------ Data excerpts

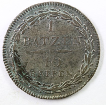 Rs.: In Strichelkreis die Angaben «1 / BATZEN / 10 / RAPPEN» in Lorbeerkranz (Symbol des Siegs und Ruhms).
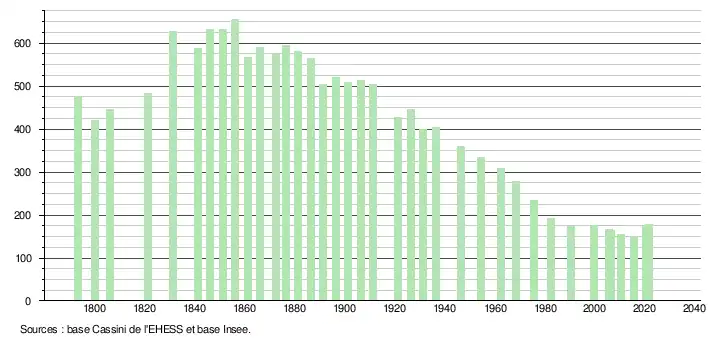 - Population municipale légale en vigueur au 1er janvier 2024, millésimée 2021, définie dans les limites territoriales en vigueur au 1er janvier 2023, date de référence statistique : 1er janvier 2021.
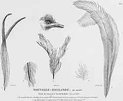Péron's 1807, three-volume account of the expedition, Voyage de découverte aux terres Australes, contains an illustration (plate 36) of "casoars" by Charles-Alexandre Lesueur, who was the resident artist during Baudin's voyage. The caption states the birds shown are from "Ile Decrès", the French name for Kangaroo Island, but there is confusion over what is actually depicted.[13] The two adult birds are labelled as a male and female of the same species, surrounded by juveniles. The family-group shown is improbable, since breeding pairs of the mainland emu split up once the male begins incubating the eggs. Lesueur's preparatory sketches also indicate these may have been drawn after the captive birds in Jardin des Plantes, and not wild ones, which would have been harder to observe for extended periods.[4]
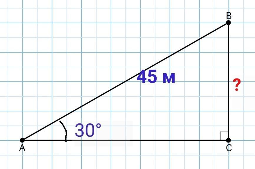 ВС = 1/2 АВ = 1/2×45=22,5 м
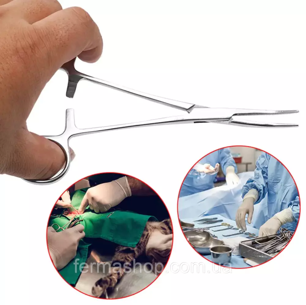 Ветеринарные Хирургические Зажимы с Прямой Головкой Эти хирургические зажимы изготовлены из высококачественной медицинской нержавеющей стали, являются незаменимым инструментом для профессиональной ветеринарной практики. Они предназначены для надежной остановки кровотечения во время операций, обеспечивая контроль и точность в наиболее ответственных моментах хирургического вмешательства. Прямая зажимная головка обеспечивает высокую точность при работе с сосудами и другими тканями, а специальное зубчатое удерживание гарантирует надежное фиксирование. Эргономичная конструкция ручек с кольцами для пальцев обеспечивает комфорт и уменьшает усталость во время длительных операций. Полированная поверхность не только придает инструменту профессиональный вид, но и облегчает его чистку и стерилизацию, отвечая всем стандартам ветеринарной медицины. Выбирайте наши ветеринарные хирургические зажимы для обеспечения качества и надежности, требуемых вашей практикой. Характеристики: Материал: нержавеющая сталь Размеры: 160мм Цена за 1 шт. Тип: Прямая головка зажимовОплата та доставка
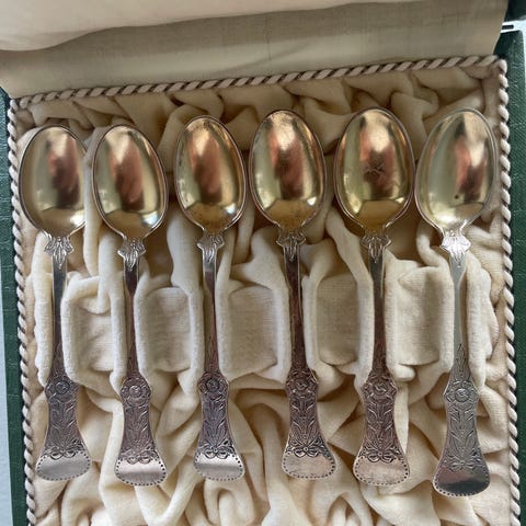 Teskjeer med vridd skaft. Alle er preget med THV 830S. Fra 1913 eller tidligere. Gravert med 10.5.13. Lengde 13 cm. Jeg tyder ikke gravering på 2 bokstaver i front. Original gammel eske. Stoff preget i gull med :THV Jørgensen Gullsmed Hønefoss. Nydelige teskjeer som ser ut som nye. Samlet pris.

------------

Only the lines from the line with "Ветеринарные Хирургические Зажимы с" to the end of the records should be repeated, exactly and without pictures.

Output ▸
 Ветеринарные Хирургические Зажимы с Прямой Головкой Эти хирургические зажимы изготовлены из высококачественной медицинской нержавеющей стали, являются незаменимым инструментом для профессиональной ветеринарной практики. Они предназначены для надежной остановки кровотечения во время операций, обеспечивая контроль и точность в наиболее ответственных моментах хирургического вмешательства. Прямая зажимная головка обеспечивает высокую точность при работе с сосудами и другими тканями, а специальное зубчатое удерживание гарантирует надежное фиксирование. Эргономичная конструкция ручек с кольцами для пальцев обеспечивает комфорт и уменьшает усталость во время длительных операций. Полированная поверхность не только придает инструменту профессиональный вид, но и облегчает его чистку и стерилизацию, отвечая всем стандартам ветеринарной медицины. Выбирайте наши ветеринарные хирургические зажимы для обеспечения качества и надежности, требуемых вашей практикой. Характеристики: Материал: нержавеющая сталь Размеры: 160мм Цена за 1 шт. Тип: Прямая головка зажимовОплата та доставка
 Teskjeer med vridd skaft. Alle er preget med THV 830S. Fra 1913 eller tidligere. Gravert med 10.5.13. Lengde 13 cm. Jeg tyder ikke gravering på 2 bokstaver i front. Original gammel eske. Stoff preget i gull med :THV Jørgensen Gullsmed Hønefoss. Nydelige teskjeer som ser ut som nye. Samlet pris.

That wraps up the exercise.